Strong cultures are not always desirable. There appear to be organizational conditions
that do not necessarily warrant them. If one looks at organizations as mechanisms for
governing transaction costs (the organization requires something of the employee, who in
turn benefits from the organization), there are three ways to manage those transaction
costs. Whichever method is used to mediate costs, it must be viewed as equitable to
everyone.

The first two mechanisms, the marketplace and bureaucracy, are used under conditions of
fairly low uncertainty and complexity. The market form, appropriate in competitive
situations, manages transaction costs with a price mechanism. Contracts are made and
kept between parties at a "fair" price so that competitors won't take over the business.
Bureaucracy creates the appearance of equity by creating an employment contract,
whereby employees contract to receive wages and in turn submit to supervision, which is
designed to reduce uncertainty and monitor employee performance. A hallmark of
bureaucracy is the simplification of complex tasks into discrete, easily monitored
activities. The bureaucracy uses the mechanism of rules or standards of behavior; as long
as uncertainty is low, the rules in place can guide behavior.

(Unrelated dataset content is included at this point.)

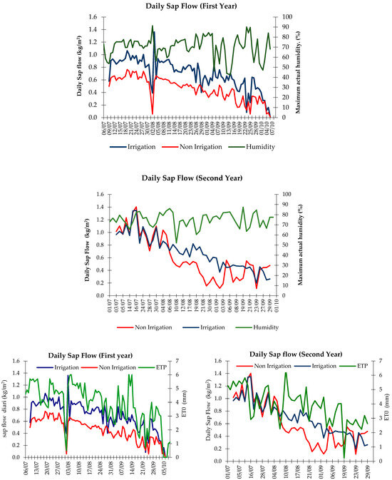 When evaluating the influence of the relative humidity of the air on the flow of sap (Figure 4), a close relationship is observed, since transpiration always increases in both treatments when the relative humidity decreases. Plants show the opposite behavior when humidity increases. The transpiration values of the plants responded to the changes caused by the evaporative demand. The transpired water in the two treatments was identical in the first month of measurements in year 2, coinciding with the wet period (July). During the driest periods (summer of the first year and August of the second), evapotranspiration was higher than transpired water, as expected. When there is accumulated water in the soil, practically all the ET0 is equivalent to the water transpired by the plant. The transpiration per unit area was found to increase linearly with ET0, with differential relationships for the irrigated and non-irrigated plants. For a given value, the ET0 transpiration per unit leaf area of the control plants was lower than that of the irrigated plants, because of the stomatal closure in response to the water deficit in the non-irrigated plants [58]. The more stressed the plants are, the more their transpiration decreases, and therefore, the difference with the watered plants is greater. In the first year, characterized by severe drought, the non-irrigated plants transpired 46% less than the irrigated ones, since the soil did not accumulate water and the irrigated plants used what had been supplied with the irrigation. In the second year, the total amount of water used by the plant (T) (Table 2), especially when comparing the non-irrigated treatments, was higher, as expected, considering that the sum of the irrigation and precipitation of the period was higher.

When uncertainty or complexity increases, these mechanisms do not work. A third


mechanism, a clan or culture, then becomes viable. The clan is a culturally homogeneous
organization in which members share a common set of values, objectives, and beliefs;
this common core empowers them to act with greater flexibility in a fluid situation. This
approach addresses the social exchange problem quite differently than either the
marketplace or bureaucracy method: it socializes parties to the exchange in such a way
that all participants see their objectives in the exchange as congruent. Clans require a
tremendous amount of group process activity.